### Data entries

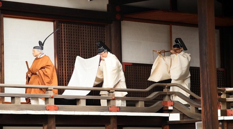 وكان الإمبراطور توجه صباح اليوم الثلاثاء إلى القصر الإمبراطوري للقيام بطقوس عبادة لآلهة الشمس وأرواح أجداده وعدة آلهة أخرى.
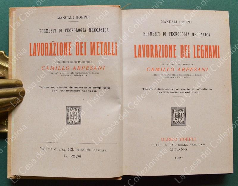 Manuale Hoepli. ARPESANI C.. LAVORAZIONE DEI LEGNAMI. Milano, Hoepli, 1917
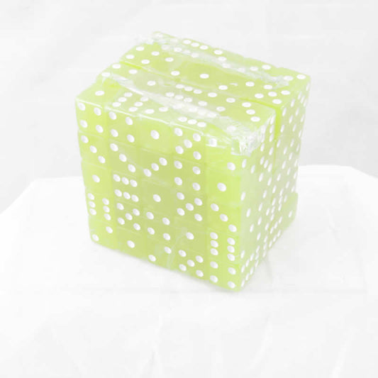 WKP01909E50 Lime Glow in the Dark Dice White Pips D6 16mm Pack of 50
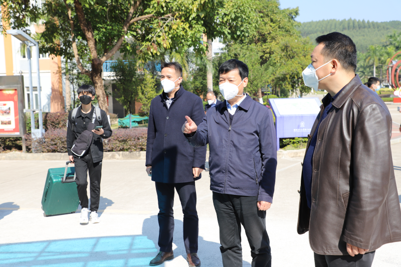在空港校区校园正大门,解庆林校长与即将离校回家的学生亲切交流,叮嘱同学们在离校返乡途中要注意出行安全,做好个人防护,寒假期间严格遵守当地疫情防控规定,科学佩戴口罩,减少不必要的外出和聚集,做好自我健康监测。随后,解庆林校长到校园后山水塔查看维修工作落实情况,并对水塔周围环境美化和安全管理给出指导意见。
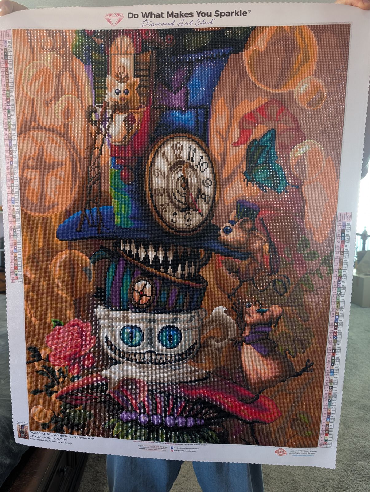 Finished Wonderland.....Find Your Way. I really loved working on it until the very end and the drills got a little tight and started popping. I hung in there and was so happy when the last drill was placed. I love the image so much!!!! I had more than enough drills to complete the canvas and not too many trashy drills other than the 310s. I loved all of the colors. One thing to mention about the cup on the top left of the canvas that the little mouse is sitting in. In the picture, the cup is more white with purple diamonds. In the finished painting, it is more of a cream color with burgundy and purple diamonds.

### What you will do
Please print every record exactly as written, without the pictures.

### Output below
 وكان الإمبراطور توجه صباح اليوم الثلاثاء إلى القصر الإمبراطوري للقيام بطقوس عبادة لآلهة الشمس وأرواح أجداده وعدة آلهة أخرى.
 Manuale Hoepli. ARPESANI C.. LAVORAZIONE DEI LEGNAMI. Milano, Hoepli, 1917
 WKP01909E50 Lime Glow in the Dark Dice White Pips D6 16mm Pack of 50
在空港校区校园正大门,解庆林校长与即将离校回家的学生亲切交流,叮嘱同学们在离校返乡途中要注意出行安全,做好个人防护,寒假期间严格遵守当地疫情防控规定,科学佩戴口罩,减少不必要的外出和聚集,做好自我健康监测。随后,解庆林校长到校园后山水塔查看维修工作落实情况,并对水塔周围环境美化和安全管理给出指导意见。
 Finished Wonderland.....Find Your Way. I really loved working on it until the very end and the drills got a little tight and started popping. I hung in there and was so happy when the last drill was placed. I love the image so much!!!! I had more than enough drills to complete the canvas and not too many trashy drills other than the 310s. I loved all of the colors. One thing to mention about the cup on the top left of the canvas that the little mouse is sitting in. In the picture, the cup is more white with purple diamonds. In the finished painting, it is more of a cream color with burgundy and purple diamonds.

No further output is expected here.